Instituto Gulbenkian de Ciência, Oeiras, Portugal.
PLoS Comput Biol. 2011 Oct;7(10):e1002217. doi: 10.1371/journal.pcbi.1002217. Epub 2011 Oct 13.
Rab proteins are small GTPases that act as essential regulators of vesicular trafficking. 44 subfamilies are known in humans, performing specific sets of functions at distinct subcellular localisations and tissues. Rab function is conserved even amongst distant orthologs. Hence, the annotation of Rabs yields functional predictions about the cell biology of trafficking. So far, annotating Rabs has been a laborious manual task not feasible for current and future genomic output of deep sequencing technologies. We developed, validated and benchmarked the Rabifier, an automated bioinformatic pipeline for the identification and classification of Rabs, which achieves up to 90% classification accuracy. We cataloged roughly 8.000 Rabs from 247 genomes covering the entire eukaryotic tree. The full Rab database and a web tool implementing the pipeline are publicly available at www.RabDB.org. For the first time, we describe and analyse the evolution of Rabs in a dataset covering the whole eukaryotic phylogeny. We found a highly dynamic family undergoing frequent taxon-specific expansions and losses. We dated the origin of human subfamilies using phylogenetic profiling, which enlarged the Rab repertoire of the Last Eukaryotic Common Ancestor with Rab14, 32 and RabL4. Furthermore, a detailed analysis of the Choanoflagellate Monosiga brevicollis Rab family pinpointed the changes that accompanied the emergence of Metazoan multicellularity, mainly an important expansion and specialisation of the secretory pathway. Lastly, we experimentally establish tissue specificity in expression of mouse Rabs and show that neo-functionalisation best explains the emergence of new human Rab subfamilies. With the Rabifier and RabDB, we provide tools that easily allows non-bioinformaticians to integrate thousands of Rabs in their analyses. RabDB is designed to enable the cell biology community to keep pace with the increasing number of fully-sequenced genomes and change the scale at which we perform comparative analysis in cell biology.
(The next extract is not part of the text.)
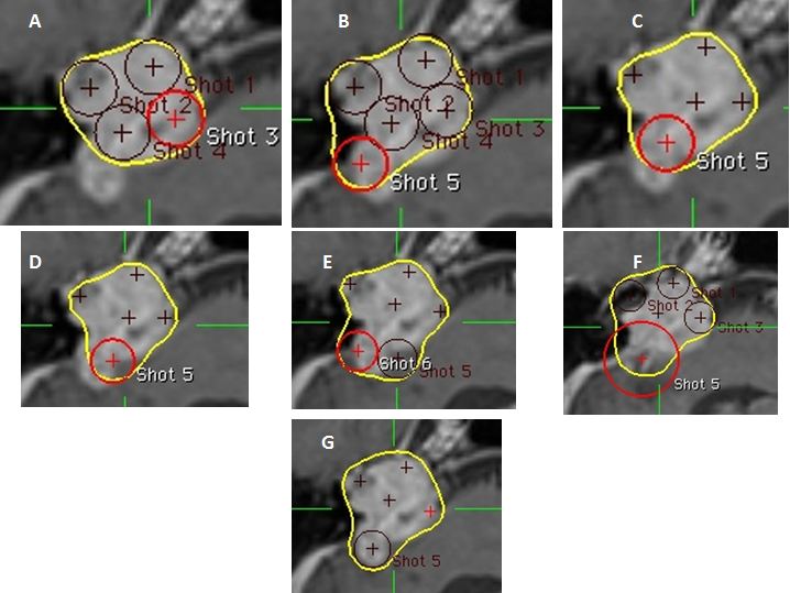 Hình 10: Hình ảnh phép dựng hình ngón tay. (A) Phần tròn của khối u được bao phủ bởi đường đồng liều 50% (màu vàng). (B) Shot được đặt để bao phủ phần kéo dài hình ngón tay ở một bên. Các đường đồng liều quá rộng (C). Trọng số của shot được giảm xuống nhưng đường đồng liều “ngón tay” vẫn quá rộng ở các đoạn góc của nó. (D) Shot được dịch sang bên để giảm độ rộng của ngón tay. (E) Shot thứ hai được đặt để bao phủ đầu ngón tay. Đường đồng liều quá rộng. (F) Shot được đặt sang bên để giảm độ rộng đầu mút ngón tay. (G) Điều chỉnh nhỏ ở trọng số và vị trí của shot đầu tiên để tăng độ tương thích.

Rab 蛋白是小 GTP 酶,作为囊泡运输的必要调节剂。在人类中已知有 44 个亚家族,它们在不同的亚细胞定位和组织中执行特定的功能集。Rab 的功能在遥远的同源物中也是保守的。因此,Rab 的注释可以对运输的细胞生物学做出功能预测。到目前为止,注释 Rab 一直是一项繁琐的手动任务,对于当前和未来的深度测序技术的基因组产出来说是不可行的。我们开发、验证和基准测试了 Rabifier,这是一种用于识别和分类 Rab 的自动化生物信息学管道,它可以达到高达 90%的分类准确性。我们从覆盖整个真核生物树的 247 个基因组中大约注释了 8000 个 Rab。完整的 Rab 数据库和实现该管道的网络工具可在 www.RabDB.org 上公开获取。我们首次在一个涵盖整个真核生物系统发育的数据集描述和分析 Rab 的进化。我们发现了一个高度动态的家族,经历了频繁的分类特异性扩张和损失。我们使用系统发育分析来估计人类亚家族的起源,这增加了 Rab14、32 和 RabL4 人类祖先的 Rab 谱。此外,对有孔虫 Monosiga brevicollis Rab 家族的详细分析指出了伴随后生动物多细胞性出现的变化,主要是分泌途径的重要扩张和特化。最后,我们在实验中确定了小鼠 Rab 的组织特异性表达,并表明新功能化最好地解释了新的人类 Rab 亚家族的出现。有了 Rabifier 和 RabDB,我们提供了工具,使非生物信息学家能够在他们的分析中轻松地整合数千个 Rab。RabDB 的设计旨在使细胞生物学界能够跟上完全测序基因组数量的增加,并改变我们在细胞生物学中进行比较分析的规模。